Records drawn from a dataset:
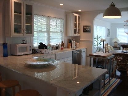 This beautifully furnished 3-bedroom, 3-bath Traditional is situated on 0.92 acre in the heart of Bridgehampton's horse country. The interior is graced with wide-plank floors, exposed beams, a fireplace, 30' ceiling in the living room, an eat-in gourmet kitchen, formal dining room, and French doors that open to the poolside patio. There is also an enclosed porch that offers more possibilities for entertaining, a brick patio, and a heated swimm
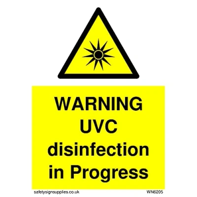 W027 : Optical radiation This sign is made from vinyl high tack A stickier sticker. Uses a stronger adhesive to make it more suitable for plastic surfaces like Wheelie Bins or where the sticker might get rubbed. A7 portrait Sign Text: WARNING UVC dinfection in progress
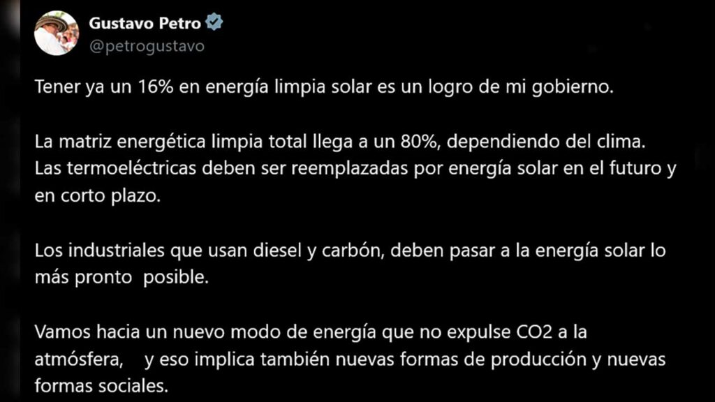 ‘Es un logro de mi Gobierno’: presidente Petro al celebrar que Colombia ya genera el 16% de su energía con fuentes solares y limpias
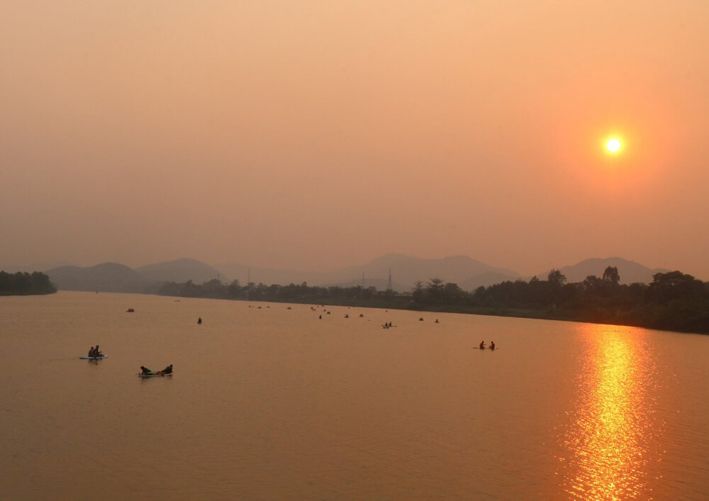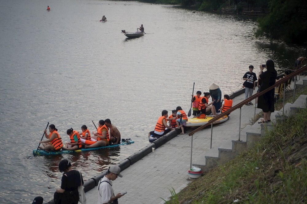 Vào những ngày hè nắng nóng, rất đông người dân tìm đến đây để vui chơi, ngắm hoàng hôn và chèo Sup nhằm làm tan biến đi cái nóng của mùa hè. Ảnh: N.Q.
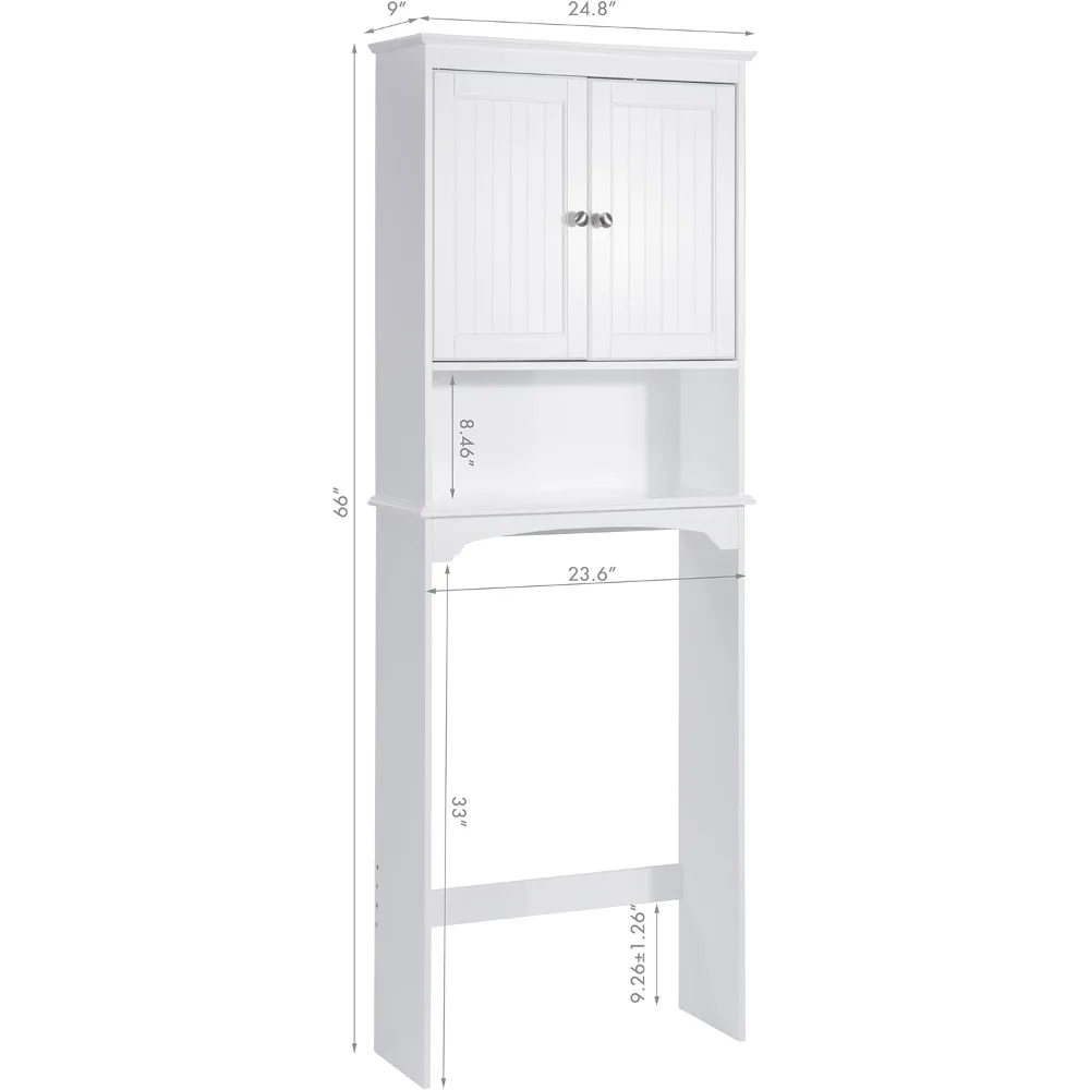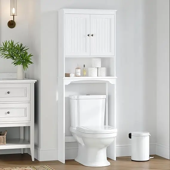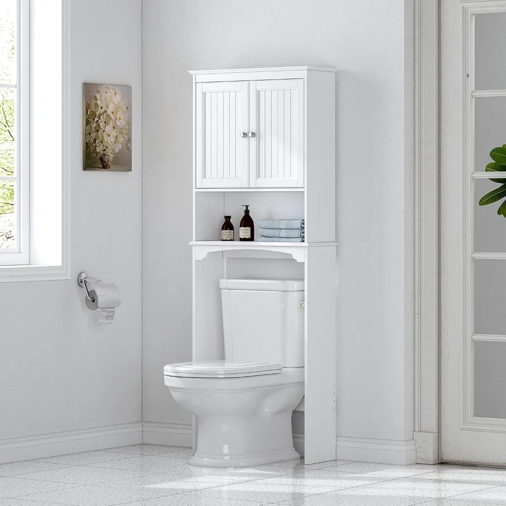 Maximize your bathroom space with this Over-the-Toilet Storage Cabinet in a crisp white finish. Designed with open shelving and a closed cabinet, it keeps toiletries, towels, and essentials neatly organized while adding a clean, modern touch to your bathroom. A perfect space-saving solution for small bathrooms or apartments.
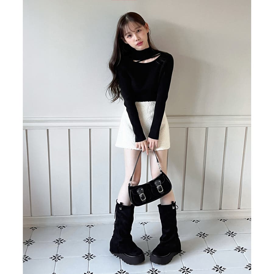 フロント中央に施されたカットアウトが、ほどよい色気とモードな雰囲気を添えてくれます。

**Exercise directions:** Restate word for word the lines of the data above that begin at the line with "solares y limpias" and end at the line with "Vào những ngày", keeping both ends and dropping every picture.

**Exercise output:**
 ‘Es un logro de mi Gobierno’: presidente Petro al celebrar que Colombia ya genera el 16% de su energía con fuentes solares y limpias
 Vào những ngày hè nắng nóng, rất đông người dân tìm đến đây để vui chơi, ngắm hoàng hôn và chèo Sup nhằm làm tan biến đi cái nóng của mùa hè. Ảnh: N.Q.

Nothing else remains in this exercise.